Text by Emmet Gowin, from Emmet Gowin: Photographs
Through my marriage to Edith Morris, in 1964, 1 entered into a family freshly different from my own. I admired their simplicity and generosity, and thought of the pictures I made as agreements. I wanted to pay attention to the body and personality that had agreed out of love to reveal itself. My attention was a natural duty which could honor that love.
Through the lives of new relatives, my more whole family, I returned to the mood that finds solemnity in daily life. As a child, one has the time for such pastimes as sunlight on water or the weave of the porch screen and the openings and closings of those doors. I wish never to outgrow that leisure.
In dedication I wish to list the members of that family: Edith, Elijah, and Isaac, my wife and sons; Nancy, Dwayne, and Reva, our niece and nephew who live with their grandmother, Edith's mother; Rennie Booher, Raymond Booher, and Willie Cooper, Edith's grandmother and two uncles, all three dead now and committed to mystery; Maggie and Gertrude, both lifelong weavers in the cotton mill and much loved aunts; Verlie and Ralph, mother and son; Ruth, one of Edith's three sisters; David and Helen, husband and wife, and Brian and John David, their two sons; William and Mae, husband and wife, and Richie and Amy, their children; Willie Raye and Donna Joe, cousin and second cousin; and finally my own mother and father, Grace and Emmet, whose name I bear.
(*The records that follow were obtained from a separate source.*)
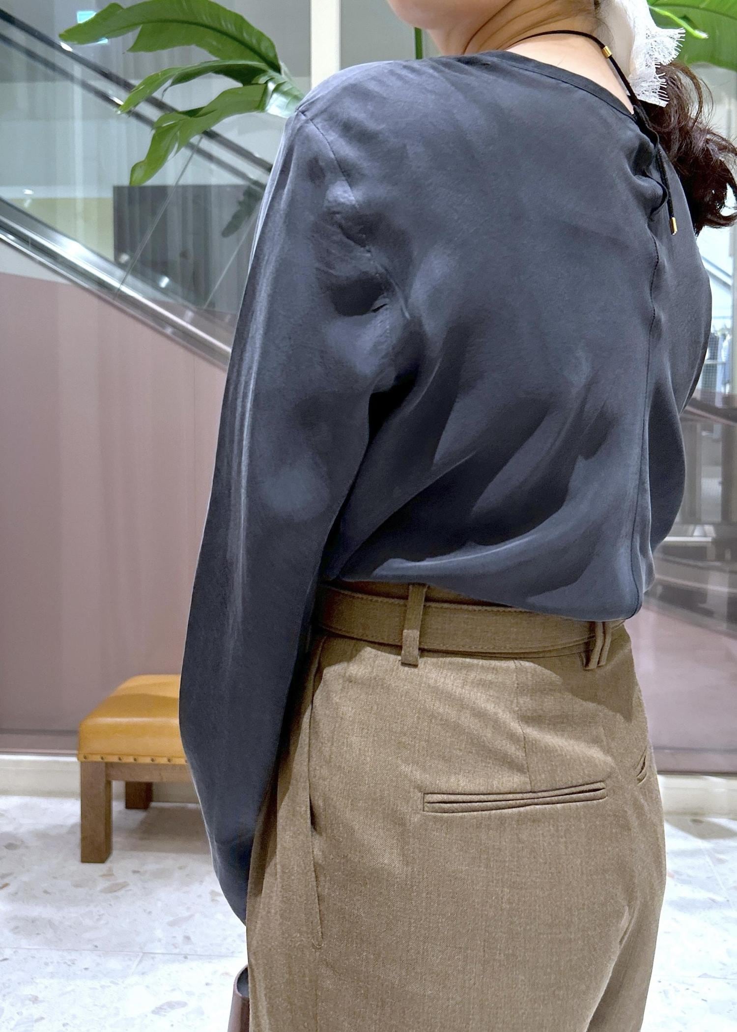 シルク素材でとても品のあるアイテム。レースデザインが施されているので女性らしさたっぷりでくくるだけで華やかになります♪
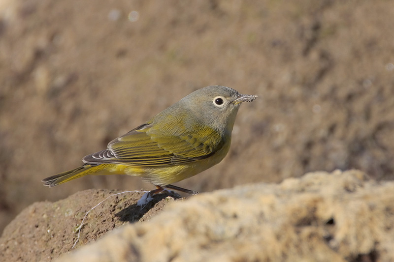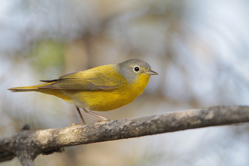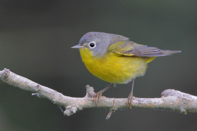 The Nashville Warbler is a small bird with a yellow underside, olive back, and gray head. They also have a white eye-ring and a little spot of chestnut on their crown, although this is often not visible. These birds move between branches, picking insects off leaves. They prefer secondary growth and scrubby habitat.
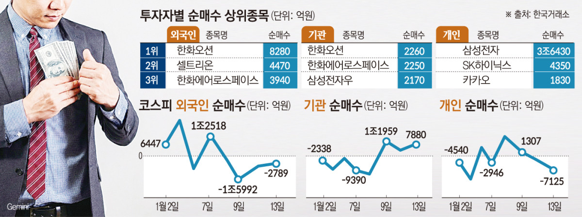 14일 한국거래소에 따르면 올해 외국인 순매수 상위종목은 한화오션(8280억 원), 셀트리온(4470억 원), 한화에어로스페이스(3940억 원), 네이버(NAVER‧3460억 원), 한미반도체(3410억 원) 등이다.
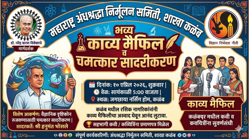 • कळंब – महाराष्ट्र अंधश्रद्धा निर्मूलन समिती,शाखा कळंब यांच्या वतीने १० एप्रिल २०२६ रोजी सायंकाळी ५ वाजता जगछाया नर्सिंग होम येथे “काव्य मैफिल व चमत्कार सादरीकरण” या विशेष कार्यक्रमाचे आयोजन करण्यात आले आहे.समाजात वैज्ञानिक दृष्टिकोन रुजवणे आणि अंधश्रद्धेविरुद्ध जनजागृती करणे हा या उपक्रमाचा मुख्य उद्देश आहे.
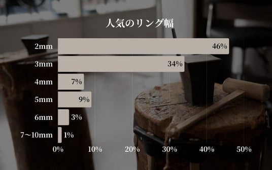 全体の8割が「2mm」(46%)または「3mm」(34%)を選択しており、繊細で指馴染みの良いデザインが圧倒的な主流となっています。

The photographs of Eugene Atget, Bill Brandt, Walker Evans, Robert Frank, Alfred Stieglitz, and especially Harry Callahan and Frederick Sommer have influenced me. I accept and embrace this tradition of photography, yet always I want to make my own pictures and follow my intuition.
My pictures are made as a part of everyday life and are not the result of any project or assignment. Most of the pictures here were made with a camera on a tripod. In this situation, both the sitter and photographer become part of the picture. Sometimes my photographs resemble home snapshots, which are among the richest resources of images I know. But I always want to make a picture that is more than a family record. I feel that the clearest pictures were at first strange to me; yet whatever picture an artist makes, it is in part a picture of himself - a matter of identity.
As I worked, I soon realized that I was not able to foresee the best pictures and often could not identify the better negative until much later. This meant that in my future efforts there would be an element dedicated to what can't be foreseen - to risk and to chance. (It turns out that "the unknown is more friendly than we think"; as D. H. Lawrence said, "Even an artist knows that his work was never in his mind, he could never have thought it before it happened" Rarely am I tempted to speak of originality.) I far prefer the formulation "I am the origin of this work" That simply means that I am responsible for it - that I accept the consequences.
About the circular pictures: I had quite forgotten that it was the nature of the lens to form a circle and in 1967 my only lens was a short Angulon intended for a small camera. I'd been given an old Eastman View 8 x 10 and brought the two together out of impatience and curiosity. After a while, I recognized the wonderful exaggeration near the edge. I began to use the camera with this lens, but for several years I would trim these prints so that the circle was disguised. Eventually I realized that such a lens contributed to a particular description of space and that the circle itself was already a powerful form.
Accepting the entire circle, what the camera had made, was important to me. It involved a recognition of the inherent nature of things. I had set out to describe the world within my domain, to live a quality with things. Enrichment, I saw, involves a willingness to accept a changing vision of the nature of things which is to say, reality. Often I had thought that things teach me what to do, Now I would prefer to say: As things teach us what we already are, we gain a vision of the world.